There's a distinction between violent and violent crime. I believe my brother is ESFP 8w7, and we got into fights all the time. I still kinda hate his guts.  Anyway, he'd do something wrong, I'd correct him, he'd react angrily, and we'd have an immediate escalation to me wanting you knock his skull into a glass table, but never actually doing it, and him sometimes even grabbing something to bludgeon me, or throw at me, like a 3-pound(?) dumbbell that missed me and broke a hole in the wall.

Yeeeeahhhhh, I tend to not have good relationships with 8s.

Anyway, speaking from my perspective as Sx 1, I could imagine a person like myself believing that it's beneficial to hurt certain people (and more likely kill, because pain isn't a very good teacher, and you can't polish shit to make it shiny).
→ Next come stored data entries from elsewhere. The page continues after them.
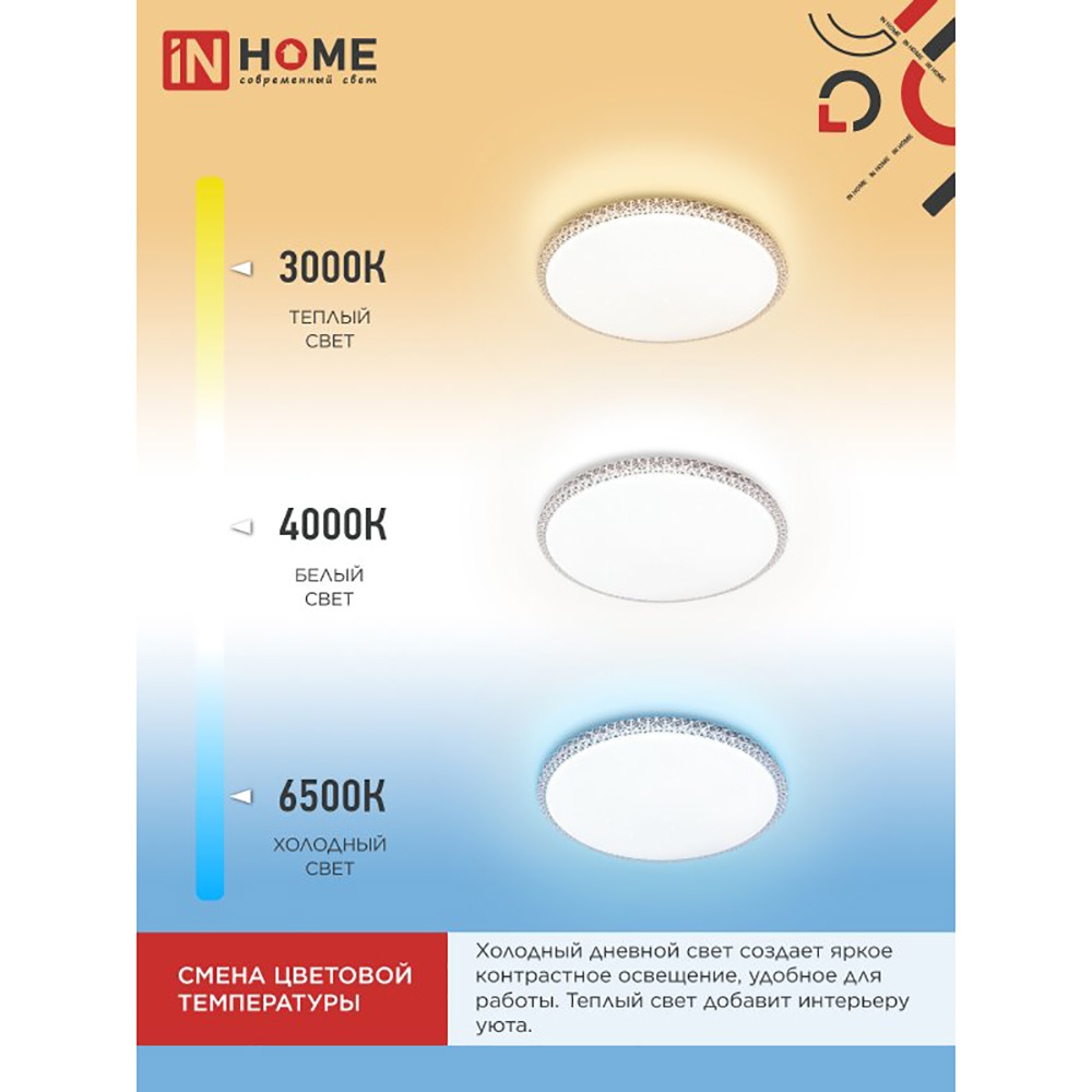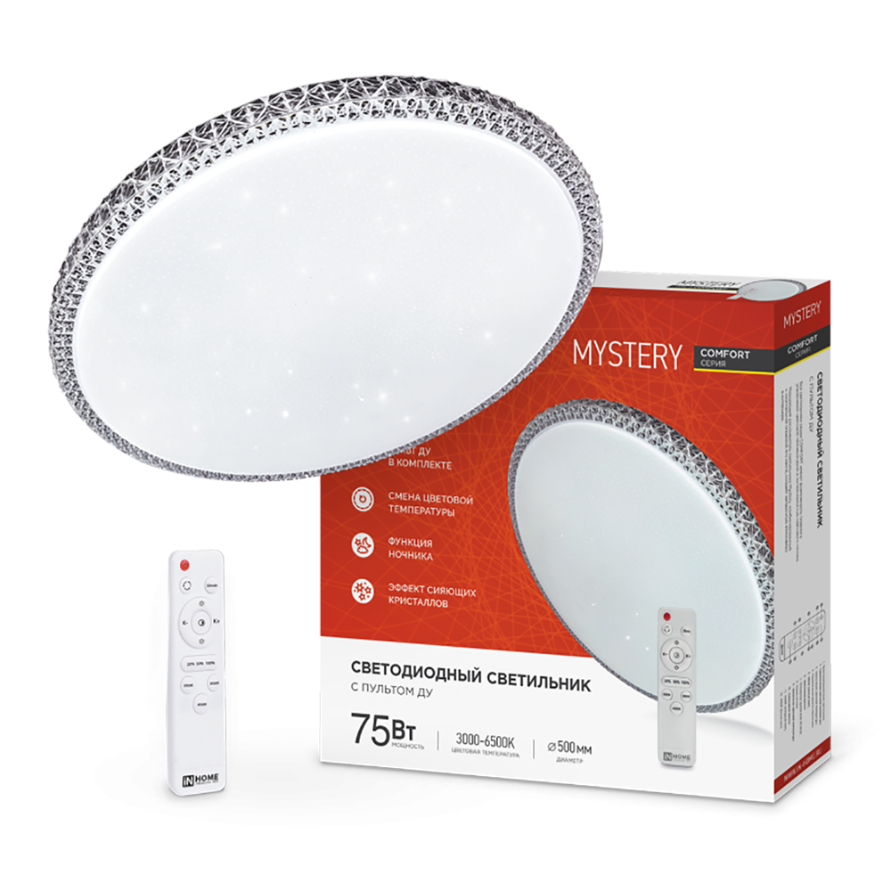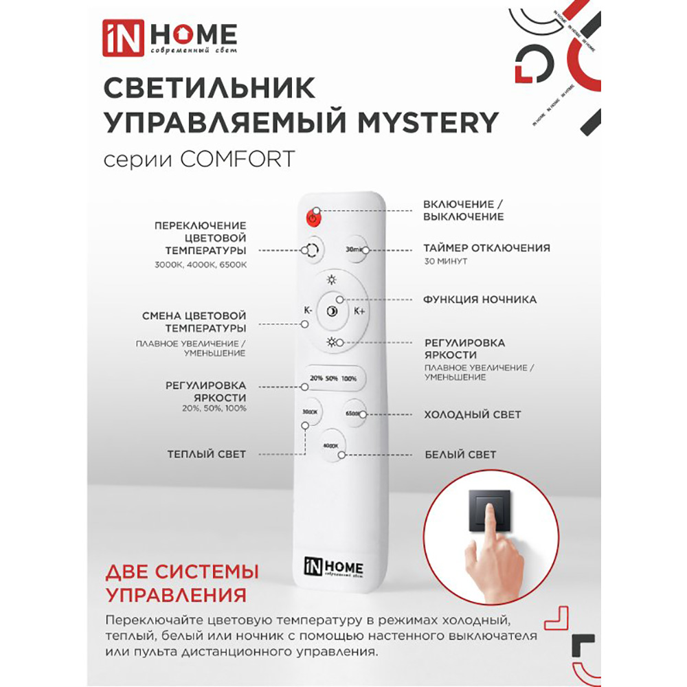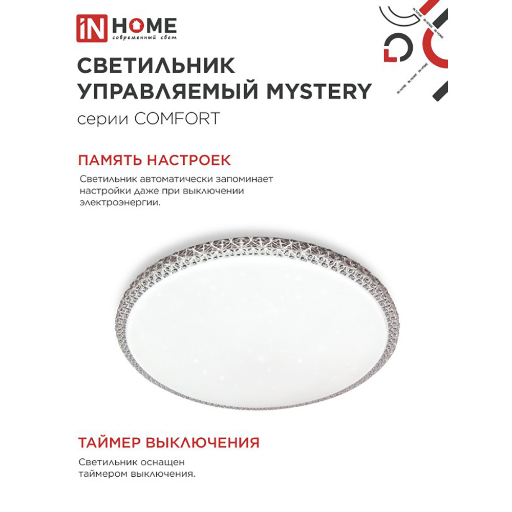 Светодиодный светильник MYSTERY от ТМ INhome в ореоле ограненного «хрусталя» создаст впечатляющий эффект «звездного неба» даже в самом простом помещении, а современная система дистанционного управления повысит уровень домашнего комфорта. Ведь благодаря входящему в комплект пульту, вы сможете регулировать освещение, не вставая с дивана. Красивый, удобный и экономичный светильник излучает равномерный, комфортный для глаз свет, без пульсаций. Пульт дистанционного управления позволяет изменять цветовую температуру от уютного теплого до холодного белого света или приглушить яркость освещения до режима ночника. Холодный дневной свет (6500К) создает яркое контрастное освещение, удобное для работы с мелкими предметами и деталями. Теплый свет 3000К придаст интерьеру уюта и будет способствовать расслаблению в период вечернего отдыха. Умный светильник оснащен специальным таймером выключения на 30 минут и 1 час. Степень защиты IP20 оберегает внутреннее устройство светильника от частиц пыли. Осветительный прибор имеет вст
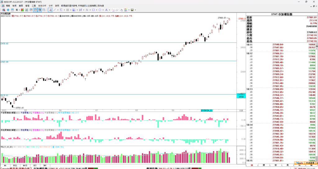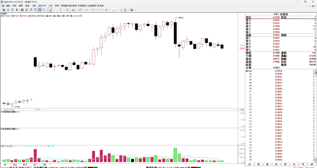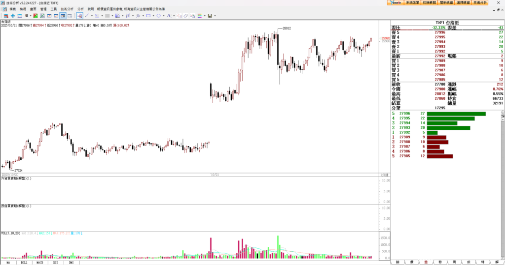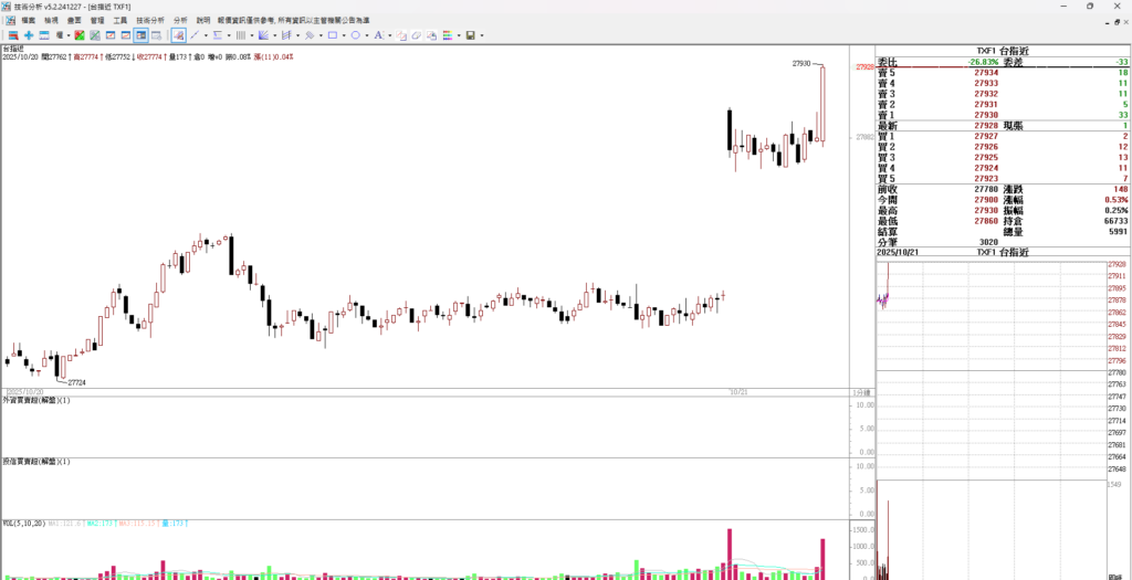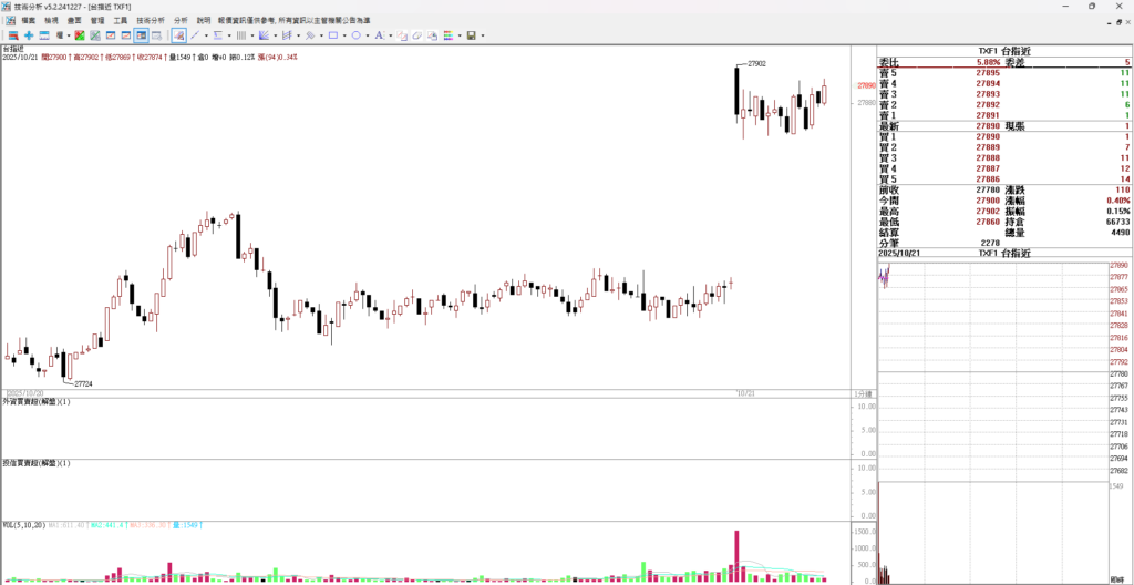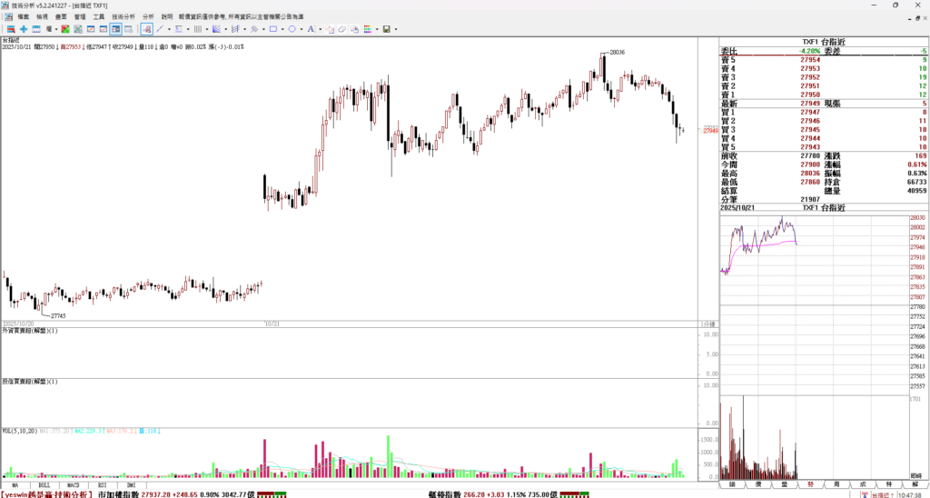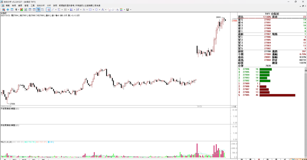 看台指期一分K,早盤有一段拉回測開盤價,但是重新漲上去之後 就一路向上,這一段是鴻海、廣達、緯創、台積電等權值股同步拉抬。最後上漲 455點 漲幅相當大,一天就可以上漲四百多點。其實在昨天的交易日記就有解盤,前天夜盤拉回的平台突破以後有機會轉強,在下圖紅色圈圈處,從轉強到今日也上漲了 640多點的幅度,所以趨勢往上,短線找買點機率比較高,也賺得多。
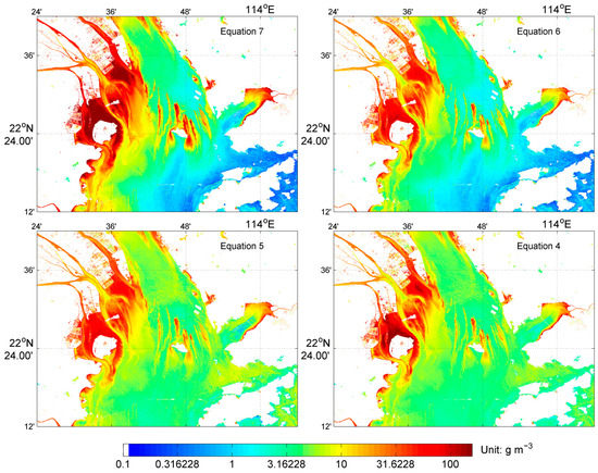 The suspended sediment distribution derived using different algorithms (Equations (7) to Equation (4)). The scene was captured on 16 November 2014.

This can be in spur-of-the-moment deals with another violent individual, or vigilante-style serial-killer Bruce Wayne scenarios where principles might even break down to the point of allowing more leeway in order to do the "good work" of eliminating what they consider evil. The excuse: "You need to get your hands dirty if you want to clean the mess. The mess won't clean itself."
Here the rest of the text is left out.